Revisar nuestra historia, cuándo no, podría traer más provecho que inventarla de nuevo. Esto ya lo hemos escuchado, pero parece que no lo sabemos, para perjuicio propio, claro está.
Leyendo Llallagua, de Roberto Querejazu Calvo, libro añejo ya, se puede ver cuán iguales son los caminos nacionales, cuán verdadero es eso que dice Gracián en El Político, libro dedicado a Fernando el Católico: “La llave de un feliz y acertado reino consiste en el arrancar y, permítaseme decirlo así, en acertar a encarrilar. Por donde comenzó a correr el caudaloso río, por allí prosigue, que después es género imposible el mudarle la corriente”. Querejazu se propuso, implícitamente, contradecir la tesis cespediana sobre la rosca y sus últimos gobiernos. Quizás su paso por la Cancillería de Alberto Ostria lo predispuso ya de joven, además de sus diferencias con el MNR.
Y así, aunque en su libro no figuran saqueos de tiendas de abarrotes como los de hace pocos meses, sí se encuentran vivos los conflictos por minas, bordeando el enfrentamiento entre cuatreros. El Estado, bien gracias. Los juicios en los tribunales, infinitos, llenos de retruécanos, costosos, ininteligibles e imprevisibles.
El país siempre ha pagado, haciendo honor a los sentimientos de su inicio, a las víctimas, por nuestra gran compasión, pero también a los osados, a los temerarios, a los aventureros que replican a ese soldado español que tanta aversión parece suscitar (sobre todo estos años) en la superficie, pero cuyas actitudes seguimos adorando en la práctica. Sus genes son materia de muchos de los líderes que encumbramos. Padecemos una esquizofrenia entre nuestra búsqueda de justicia y el premio social y político que ofrecemos a la aventura, la falta de reglas y la capacidad de vencer, cualquiera sea la manera.
Que ese tributo al díscolo por encima del prudente se mantenga tan porfiadamente en nuestra vida nacional se debe también, sin duda, al tipo de gente que desde la Colonia nuestro país atrajo por causa de la minería.

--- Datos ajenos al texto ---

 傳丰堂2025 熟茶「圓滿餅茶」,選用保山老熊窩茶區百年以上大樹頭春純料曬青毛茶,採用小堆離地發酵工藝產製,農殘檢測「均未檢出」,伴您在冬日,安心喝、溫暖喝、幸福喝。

Así, se repiten los modelos de la gente propia de las fiebres del oro de otros países: propensos al riesgo inmediato, jugadores, pero no gente inclinada a la vida apacible de la construcción, larga y aburrida.

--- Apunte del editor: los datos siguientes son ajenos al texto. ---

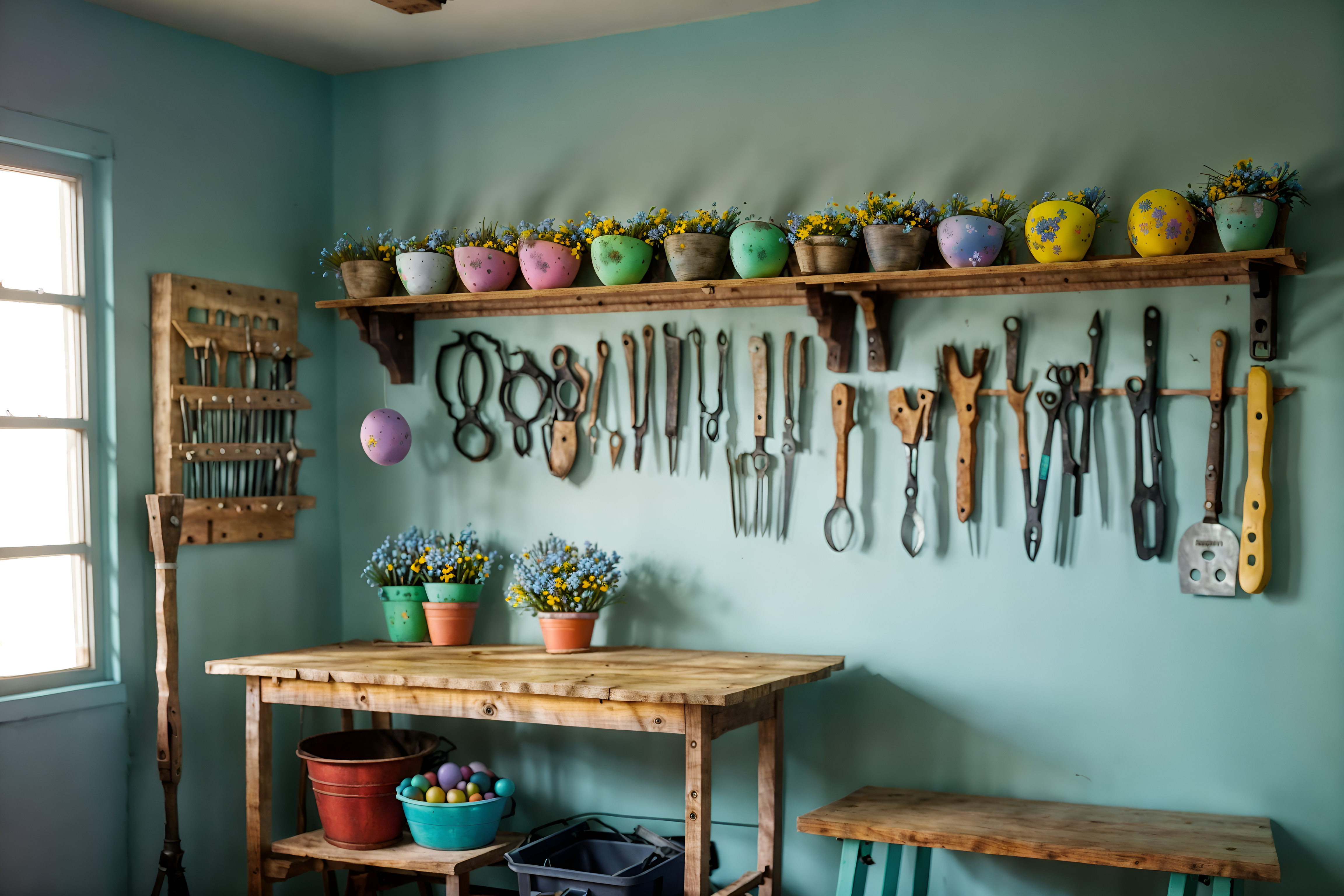 photo from pinterest of easter-style interior designed (workshop interior) with wooden workbench and messy and tool wall and wooden workbench. . with easter decorations and spring decorations and flowers on table and colorful easter eggs and light blue colors and easter decorations. . cinematic photo, highly detailed, cinematic lighting, ultra-detailed, ultrarealistic, photorealism, 8k. trending on pinterest. easter interior design style. masterpiece, cinematic light, ultrarealistic+, photorealistic+, 8k, raw photo, realistic, sharp focus on eyes, (symmetrical eyes), (intact eyes), hyperrealistic, highest quality, best quality, , highly detailed, masterpiece, best quality, extremely detailed 8k wallpaper, masterpiece, best quality, ultra-detailed, best shadow, detailed background, detailed face, detailed eyes, high contrast, best illumination, detailed face, dulux, caustic, dynamic angle, detailed glow. dramatic lighting. highly detailed, insanely detailed hair, symmetrical, intricate details, professionally retouched, 8k high definition. strong bokeh. award winning photo.

Entre las cuestiones que más golpean al leer Llallagua están las peripecias del gobierno de Enrique Hertzog para contentar a los mineros sindicalizados a la vez que intentaba no dañar irremediablemente la industria minera privada, “rosquera”, para que siguiera produciendo. En suma, conflictos parecidos a los de hoy, cambiando lo que hay que cambiar (industria petrolera, asalariados y definiciones ideológicas del gobierno, por ejemplo).
También, la parte olvidada de nuestra historia, los personajes constructores: la figura de un Pastor Sainz devenido en próspero industrial minero por causa de la persecución política cruzada con talentos empresariales latentes, a la espera de que la política les dé paso alguna vez que una gentileza así fuera posible.
Es ésta, una reseña algo tardía de un libro de cuarenta y seis años de edad, pero es irresistible, por ejemplo, no citar hoy el terrible mensaje de Don Pastor Sainz, que debería resonar aún en los espíritus de los muchos que matarían por ser Presidente boliviano: “La mayor desgracia que le puede suceder a un hombre es ser Presidente de Bolivia”.
Fiel a esa premisa, Don Pastor, experimentado parlamentario y combatiente contra Melgarejo, rechazó una segura candidatura para ser presidente liberal que sucediera a Montes. Pocos casos de convicciones tan pesimistas llevadas a la práctica contra el hechizo nacional con el poder público.
Menudo río éste de nuestra historia,volviendo a Gracián, que nos hace prisioneros de su cauce y de su embravecido caudal.